View Full Version : At the end of the road ...
Manee
10-09-2006, 07:11 PM
Hello everyone,
Well, I will try to make this short. I am in my second marriage and I am struggling. We have been married for a little over 3 years. It has been more than a year since my husband has touched me, kissed me or anything beyond that. We tried counseling for a while but it never got us anywhere. Since this is the second marriage for both of us, we decided to do it the right way this time. We were celibate and did not even live together until after we were married. I am starting to regret the "celibate" issue. I am only 40 years old and I miss feeling like a woman so much. In my opinion, we are more than room mates than anything else. It is such a personal matter that I am very hesitant to talk about it. Only a few close Christian friends know about it, one of which told me just the other day that having no physical affection/contact would be a deal breaker for him. I am afraid to bring it up again with my husband, because I am afraid he will get upset (which happened the last time I brought up another delicate issue - his weight gain). What am I supposed to do? The thought of another divorce disgusts me, but I can't imagine living the rest of my life without any physical affection. Any advice from someone who perhaps has been in my situation would be greatly appreciated.
hisredeemed
10-09-2006, 08:24 PM
I could have written this. In my second marriage we did much the same thing. We prayed, fasted, and did all the right things. I even left my home in NY and moved to SC to marry my second husband.
He was soooooooooooo romantic and attentive, but when it came to 'that' time.........I was devastated thinking I was only going to have a 'romantic friend' for the rest of my life!
You have to talk to your husband. I got upset, he got upset, we both got upset. We fought and cried. We prayed and begged God. It took a little over 2 years. Finally, we had a breakthrough.

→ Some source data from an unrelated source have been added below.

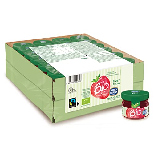Menz&Gasser Confettura Extra Bio di Fragole Monodose Biologica, con Frutta, 100% Made in Italy, 24 Vasetti x 28 g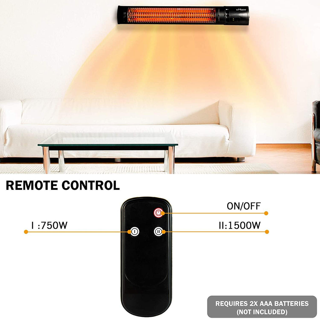 - Remote Control | This wall-mounted space heater can be operated remotely and manually, requires 2 x AAA batteries (not included).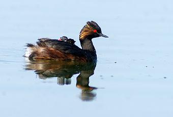 El zampullin cuellinegro ( Podiceps nigricollis) es la pequeña y elegante silueta de cuello largo, erguido con un impresionante ojo rojo, que nada en el Parque Nacional de las Tablas de Daimiel con sus crías encima.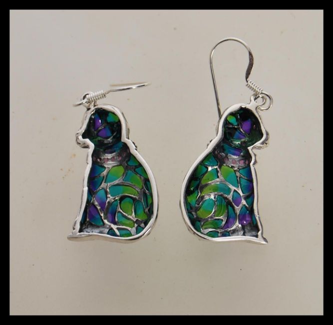 A pair of stamped 925 silver plique a jour earrings in the form of cats having ruby accent stones set to the collars. Weight 6.9g. Drops measure 3cm.

It didn't happen over night but changed gradually. We had to be open and honest almost to the point of mortification but it was the only way we could change.
We were very careful not to belittle or name call. It was difficult b/c we, too, had almost no one to talk to b/c my husband was so embarassed, but silence breeds darkness.

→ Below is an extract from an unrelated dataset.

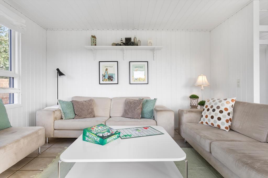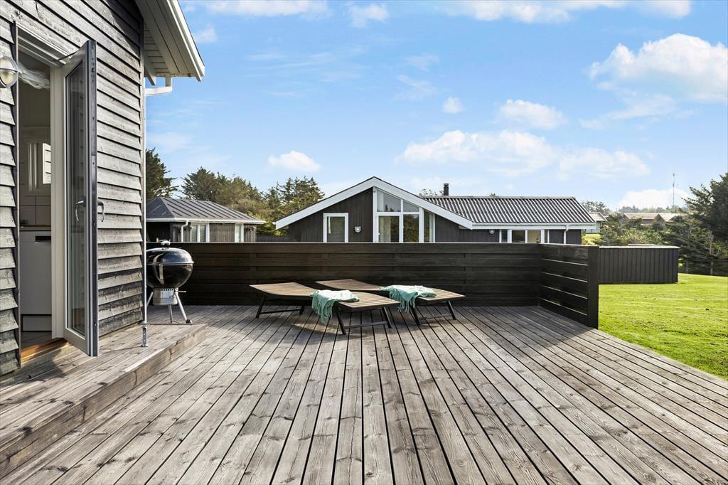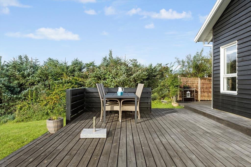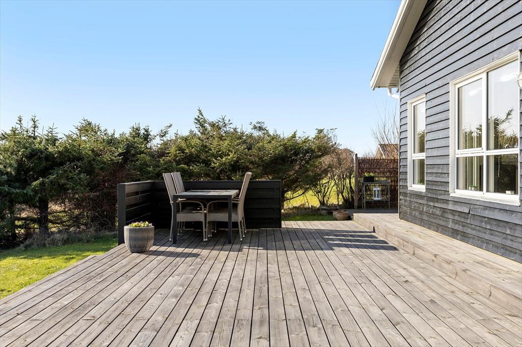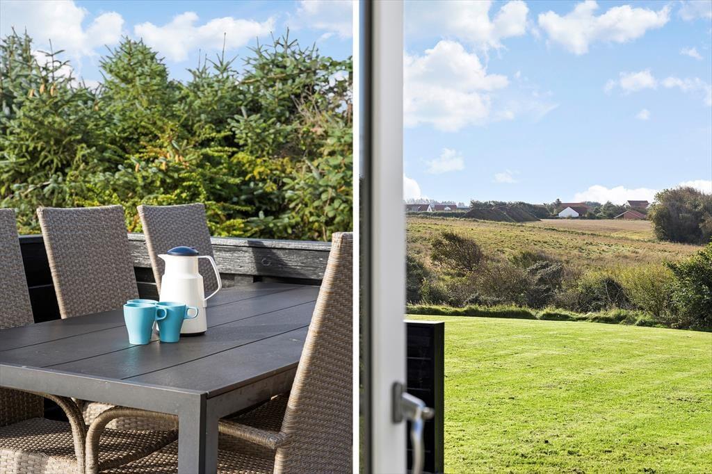 Fra stuen har du direkte adgang til et dejligt terrassemiljø, der breder sig mod syd og vest. Hele dagen lang har du gode chancer for at finde en siddeplads i solen, og udsigten til åbne marker, kønne træer og Lønstrups hustage er med til at gøre driverlivet endda skønnere. Grunden er stor, så hvis du har børn eller en hund med på ferie, er der god plads til at lege og løbe rundt i de fredelige omgivelser – og ellers kan I begive jer af sted fra den lukkede vej og ud på eventyr i Lønstrup by og omegn.

My feminity and self-esteem took such a beating I thought I would die. And I, also, was only 43 at the time-in my prime. I cried and cried out to God. I almost went back home without him.
But God is faithful and our intimate life is 'exceeding abundantly above all we could have asked or thought'! We are closer than anyone could have imagined. My in-laws , who are awesome, were so afraid we wouldn't make it. My mom-in-law prayed everyday for us-yes, they knew.

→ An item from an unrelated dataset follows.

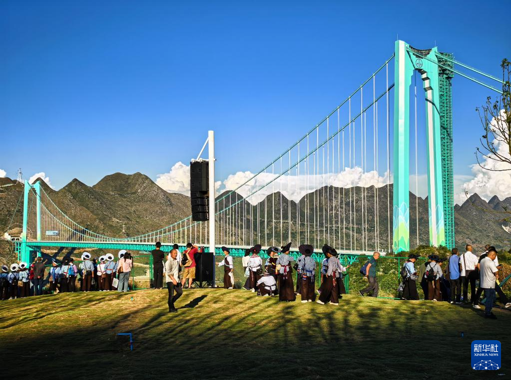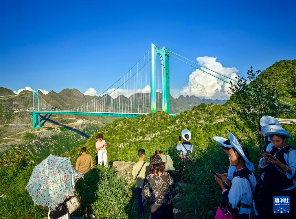 9月28日,游客在贵州花江峡谷大桥旁的云渡服务区参观大桥(手机照片)。

God is bigger than any situation. He is the Designer of our marriages and love lives. Let the Manufacturer fix his creation. He is faithful. Let Him take your intimate issues and restore them--b/c He can and will!!!
OneJoe
10-10-2006, 02:07 AM
Manee, I wouldn't normally respond to a woman on an issue like this since we do have other women who post. However, I am confused as to exactly what your saying. It is good you and your husband did not touch each other until after you were married. But I don't understand the problem now. Are you two still doing the celibacy? If not, then I don't understand the problem. Is one depriving the other? If so, that is an issue.
1Co 7:2 Nevertheless, to avoid fornication, let every man have his own wife, and let every woman have her own husband.
1Co 7:3 Let the husband render unto the wife due benevolence: and likewise also the wife unto the husband.
1Co 7:4 The wife hath not power of her own body, but the husband: and likewise also the husband hath not power of his own body, but the wife.
1Co 7:5 Defraud(deprive) ye not one the other, except it be with consent for a time, that ye may give yourselves to fasting and prayer; and come together again, that Satan tempt you not for your incontinency.
hisredeemed
10-10-2006, 10:01 AM
Gee, Joe...what am I chopped liver?
OneJoe
10-10-2006, 03:57 PM
lol Hello hisredeemed, I read your post and I saw you were offering guidance, but I was still confused as to why all this is happening. That is why I really felt I had to respond. I am not sure who, if either one, is at fault for this situation. Maybe it is neither one, but something else I don't know about. I pray this issue is cleared up which only God can do.
crossway7
11-04-2006, 12:42 AM
My wife and I have been married over 13 years. We have had our struggles. Let me say just a few things how you may pray. Ask for the cross to be mannifest in your marriage. Your own personal cross. You see the cross exposes all that is not of God and ultimately the cross kills allowing God to resurrect. The bilbe is clear we will experience the death and life of Christ. Your husband has the responsiblity leading his family with the cross. He has failed in doing so. Interceed for his weakness, brokeness, humility that he may experience the life of Christ through the resurrection power of God. If it helps read my experience at www.ultimategolfer.com (outreach). I have no fancy words for you but do know the power of God is the cross.